Es ist noch zu früh, um zu sagen, welche politische Richtung durch die Bewegung gestärkt werden wird. Wie kann sich die Bewegung politisch entwickeln? Einige Gelbwesten möchten sie zu einer politischen Partei umfunktionieren. Manche sagen, dass sie eine Liste für die Europawahl vorbereiten. Wenn man bedenkt, wie schwer es der Bewegung bereits fällt, sich auf Vertreter zu einigen, die im Namen sprechen können, scheinen ihre Pläne ziemlich ambitioniert. Aber es ist nicht unmöglich. In Italien gibt es das Beispiel der 5-Sterne-Bewegung. Diese hat sich ab 2009 um die Person Beppe Grillos gebildet, dessen Figur diese sehr bunt zusammengewürfelte Gruppe letztlich zusammenhält. Grillo war zu Beginn absolut kein Aktivist, er war Comedian, bekannt durch das Fernsehen. Dies ist nur ein Beispiel, an dem man sieht, dass die Wege, wie Bewegungen eine organisierte Form annehmen, manchmal ziemlich erstaunlich sein können.
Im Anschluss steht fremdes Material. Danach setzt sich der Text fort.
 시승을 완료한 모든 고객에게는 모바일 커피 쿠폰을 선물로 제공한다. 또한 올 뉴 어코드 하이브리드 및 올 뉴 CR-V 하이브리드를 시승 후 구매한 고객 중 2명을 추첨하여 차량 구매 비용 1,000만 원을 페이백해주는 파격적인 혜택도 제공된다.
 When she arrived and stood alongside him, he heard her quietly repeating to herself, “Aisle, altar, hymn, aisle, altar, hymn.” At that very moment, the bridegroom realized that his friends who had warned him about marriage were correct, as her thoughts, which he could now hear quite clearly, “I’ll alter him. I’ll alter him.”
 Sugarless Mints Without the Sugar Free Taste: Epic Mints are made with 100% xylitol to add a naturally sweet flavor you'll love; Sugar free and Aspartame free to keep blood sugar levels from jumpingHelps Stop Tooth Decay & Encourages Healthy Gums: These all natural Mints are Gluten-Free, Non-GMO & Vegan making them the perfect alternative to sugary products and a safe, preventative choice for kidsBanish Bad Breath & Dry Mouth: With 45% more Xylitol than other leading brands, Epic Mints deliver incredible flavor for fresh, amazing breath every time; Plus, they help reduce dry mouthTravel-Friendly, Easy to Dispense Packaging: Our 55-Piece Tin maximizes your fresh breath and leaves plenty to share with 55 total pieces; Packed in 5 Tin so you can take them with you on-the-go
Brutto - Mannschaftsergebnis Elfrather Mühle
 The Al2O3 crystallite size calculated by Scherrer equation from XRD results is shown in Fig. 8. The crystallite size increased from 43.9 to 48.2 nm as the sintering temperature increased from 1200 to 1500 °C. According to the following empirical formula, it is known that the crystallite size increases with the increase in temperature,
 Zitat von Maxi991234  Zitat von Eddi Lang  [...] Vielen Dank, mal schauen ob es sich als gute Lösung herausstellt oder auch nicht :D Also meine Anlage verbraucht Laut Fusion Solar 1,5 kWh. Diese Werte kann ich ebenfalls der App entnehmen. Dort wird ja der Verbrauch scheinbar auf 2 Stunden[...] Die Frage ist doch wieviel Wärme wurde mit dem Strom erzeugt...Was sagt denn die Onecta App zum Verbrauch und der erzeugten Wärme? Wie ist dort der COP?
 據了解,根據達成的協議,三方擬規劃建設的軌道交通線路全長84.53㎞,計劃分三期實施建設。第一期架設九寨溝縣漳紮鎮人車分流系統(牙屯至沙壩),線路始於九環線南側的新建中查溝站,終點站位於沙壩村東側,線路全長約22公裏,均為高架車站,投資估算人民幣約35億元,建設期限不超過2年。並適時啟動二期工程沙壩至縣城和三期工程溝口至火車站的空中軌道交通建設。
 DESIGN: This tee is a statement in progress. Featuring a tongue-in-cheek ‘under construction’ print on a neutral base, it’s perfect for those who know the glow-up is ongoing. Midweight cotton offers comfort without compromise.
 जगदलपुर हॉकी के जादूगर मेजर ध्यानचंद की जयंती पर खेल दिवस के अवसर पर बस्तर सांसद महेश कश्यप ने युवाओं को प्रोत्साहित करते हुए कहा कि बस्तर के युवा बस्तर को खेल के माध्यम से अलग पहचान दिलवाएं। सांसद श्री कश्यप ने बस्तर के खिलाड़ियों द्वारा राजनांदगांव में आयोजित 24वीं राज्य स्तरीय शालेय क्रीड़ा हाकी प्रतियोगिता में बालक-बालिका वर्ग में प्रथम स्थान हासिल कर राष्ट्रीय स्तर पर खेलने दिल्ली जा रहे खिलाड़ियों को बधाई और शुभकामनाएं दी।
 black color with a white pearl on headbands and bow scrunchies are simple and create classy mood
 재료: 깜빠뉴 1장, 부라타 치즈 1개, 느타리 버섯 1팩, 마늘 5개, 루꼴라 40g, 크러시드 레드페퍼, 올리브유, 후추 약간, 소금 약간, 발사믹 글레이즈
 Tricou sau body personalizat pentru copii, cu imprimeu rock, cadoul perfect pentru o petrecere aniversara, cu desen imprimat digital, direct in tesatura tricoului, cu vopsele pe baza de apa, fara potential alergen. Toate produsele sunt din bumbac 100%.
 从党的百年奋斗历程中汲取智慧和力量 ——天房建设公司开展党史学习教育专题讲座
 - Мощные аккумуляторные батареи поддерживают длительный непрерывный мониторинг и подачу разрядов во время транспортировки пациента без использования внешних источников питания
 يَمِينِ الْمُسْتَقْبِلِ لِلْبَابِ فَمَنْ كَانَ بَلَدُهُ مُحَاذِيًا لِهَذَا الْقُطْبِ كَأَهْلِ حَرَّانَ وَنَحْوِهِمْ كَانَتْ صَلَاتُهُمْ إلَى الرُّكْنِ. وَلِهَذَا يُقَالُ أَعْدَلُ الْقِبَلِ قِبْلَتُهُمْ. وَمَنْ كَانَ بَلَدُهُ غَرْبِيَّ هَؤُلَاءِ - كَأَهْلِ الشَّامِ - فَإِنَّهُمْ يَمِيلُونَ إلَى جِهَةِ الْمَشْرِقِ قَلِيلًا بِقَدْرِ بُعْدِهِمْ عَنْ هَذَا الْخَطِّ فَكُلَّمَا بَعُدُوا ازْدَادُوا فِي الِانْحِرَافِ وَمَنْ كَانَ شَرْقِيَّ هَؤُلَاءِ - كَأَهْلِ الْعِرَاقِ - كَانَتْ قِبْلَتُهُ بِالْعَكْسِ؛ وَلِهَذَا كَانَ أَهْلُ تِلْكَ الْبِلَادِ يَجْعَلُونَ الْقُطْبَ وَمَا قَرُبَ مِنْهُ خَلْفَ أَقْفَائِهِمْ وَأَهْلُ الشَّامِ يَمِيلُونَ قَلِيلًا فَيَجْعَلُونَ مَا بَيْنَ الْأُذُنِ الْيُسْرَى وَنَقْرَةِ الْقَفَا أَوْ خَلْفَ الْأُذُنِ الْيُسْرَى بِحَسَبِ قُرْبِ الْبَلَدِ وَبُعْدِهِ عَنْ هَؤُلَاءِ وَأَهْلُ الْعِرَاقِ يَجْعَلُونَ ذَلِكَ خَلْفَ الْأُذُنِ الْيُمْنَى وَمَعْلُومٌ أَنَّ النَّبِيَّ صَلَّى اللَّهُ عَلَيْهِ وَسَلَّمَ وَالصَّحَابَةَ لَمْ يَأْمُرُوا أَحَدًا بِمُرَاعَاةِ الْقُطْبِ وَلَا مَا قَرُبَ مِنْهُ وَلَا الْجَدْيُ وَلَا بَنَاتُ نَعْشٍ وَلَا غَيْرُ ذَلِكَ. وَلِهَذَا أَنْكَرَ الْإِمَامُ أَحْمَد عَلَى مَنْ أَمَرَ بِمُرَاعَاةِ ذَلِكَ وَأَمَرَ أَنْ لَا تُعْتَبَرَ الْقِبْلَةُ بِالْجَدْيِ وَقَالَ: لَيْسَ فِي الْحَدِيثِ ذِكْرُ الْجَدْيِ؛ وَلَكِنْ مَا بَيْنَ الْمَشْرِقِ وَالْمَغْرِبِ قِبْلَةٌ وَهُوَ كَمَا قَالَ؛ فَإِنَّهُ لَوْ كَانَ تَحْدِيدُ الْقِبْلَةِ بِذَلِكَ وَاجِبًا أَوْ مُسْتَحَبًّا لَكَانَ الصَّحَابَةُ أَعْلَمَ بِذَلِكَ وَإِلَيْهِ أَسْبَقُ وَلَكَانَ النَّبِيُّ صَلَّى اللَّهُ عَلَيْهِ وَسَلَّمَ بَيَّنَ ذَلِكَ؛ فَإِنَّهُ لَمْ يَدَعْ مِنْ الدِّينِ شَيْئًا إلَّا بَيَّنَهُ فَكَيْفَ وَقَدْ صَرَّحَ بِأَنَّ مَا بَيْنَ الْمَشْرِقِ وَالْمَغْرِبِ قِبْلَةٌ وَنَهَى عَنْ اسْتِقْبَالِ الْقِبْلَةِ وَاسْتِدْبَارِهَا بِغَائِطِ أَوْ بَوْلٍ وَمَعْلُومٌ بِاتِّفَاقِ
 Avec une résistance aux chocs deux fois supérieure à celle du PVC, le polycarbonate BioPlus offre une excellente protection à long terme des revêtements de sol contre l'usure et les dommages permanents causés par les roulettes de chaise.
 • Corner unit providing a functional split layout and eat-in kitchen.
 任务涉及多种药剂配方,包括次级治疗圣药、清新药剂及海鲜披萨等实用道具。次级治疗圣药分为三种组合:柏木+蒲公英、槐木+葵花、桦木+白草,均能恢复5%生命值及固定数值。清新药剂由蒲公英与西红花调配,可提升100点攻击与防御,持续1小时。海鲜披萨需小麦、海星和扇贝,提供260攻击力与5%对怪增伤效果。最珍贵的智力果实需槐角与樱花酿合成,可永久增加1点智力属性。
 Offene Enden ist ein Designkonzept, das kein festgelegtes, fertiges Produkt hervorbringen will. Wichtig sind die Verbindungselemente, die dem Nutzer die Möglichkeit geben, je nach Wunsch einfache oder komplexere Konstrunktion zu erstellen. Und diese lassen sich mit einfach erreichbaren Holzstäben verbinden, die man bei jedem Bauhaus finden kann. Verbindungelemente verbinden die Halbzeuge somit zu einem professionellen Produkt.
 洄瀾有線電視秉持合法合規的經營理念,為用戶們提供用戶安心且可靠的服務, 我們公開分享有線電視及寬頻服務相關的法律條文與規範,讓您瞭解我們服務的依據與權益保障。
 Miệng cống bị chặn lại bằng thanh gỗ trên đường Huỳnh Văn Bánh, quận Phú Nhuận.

In Spanien hat 2011 die Bewegung vom 15. Mai (die "Indignados") die Partei Podemos hervorgebracht. Diese Bewegung war ohne Zweifel tiefgreifender, größer und linker als es bei den Gelbwesten derzeit der Fall ist. In jedem Fall ist es nicht auszuschließen, dass eine neue politisch auf der Grundlage des kleinsten gemeinsamen Nenners entsteht. Dieser kleinste gemeinsame Nenner könnte der Anspruch sein, die klassischen Parteien von der politischen Bühne zu verjagen.

Alternativ dazu könnte die Bewegung auch unter dem Druck der entgegengesetzten politischen Strömungen auseinanderfallen. Über die Medien versuchen alle Oppositionsparteien, die Bewegung zu instrumentalisieren und sie vollständig für sich zu beanspruchen. Übrigens nicht nur im Fernsehen! Wenn wir von einer spontanen Massenbewegung reden, dann bedeutet dies nicht, dass es in ihr keine politischen Einflüsse gibt. Innerhalb der Gelbwesten wirken zahlreiche politische Einflüsse. Die Rechtsextremen waren hier von Anfang an aktiv. Ein paar Initiativen sind sogar um Aktivisten von Debout la France (DLF - "Frankreich steh auf") oder von Rassemblement national (RN - "Nationale Sammlungsbewegung", vormals Front National von Le Pen) entstanden. Diesen Einfluss konnte man am 20. November bei der Straßensperre von Flixecourt sehen, wo Gelbwesten sechs Migranten, die sich in einem Tankwagen versteckt hatten, verraten und dann mit dieser Denunzierung angegeben haben. Er zeigt sich außerdem in den völlig verrückten Gerüchten über den UN-Migrationspakt, der Frankreich dazu zwingen würde, seine Grenzen zu öffnen.

Bis jetzt bezieht nur eine kleine Minderheit offen gegen Migranten Stellung. Und rassistische Äußerungen wurden von den Gelbwesten, die man darauf ansprach, ausdrücklich abgelehnt. Und es wäre auch nicht richtig, die bei den Protesten quasi überall mitgeführte französische Nationalfahne automatisch mit den Rechtsextremen zu verbinden. Man spürt im Gegenteil auch den Einfluss der kommunistischen Partei (PCF), von "La France insoumise" (LFI - "unbeugsames Frankreich", der Partei von Mélenchon) und von Gewerkschaftern. Vor allem in den Äußerungen, die den Zustand des Öffentlichen Dienstes in den Vordergrund stellen.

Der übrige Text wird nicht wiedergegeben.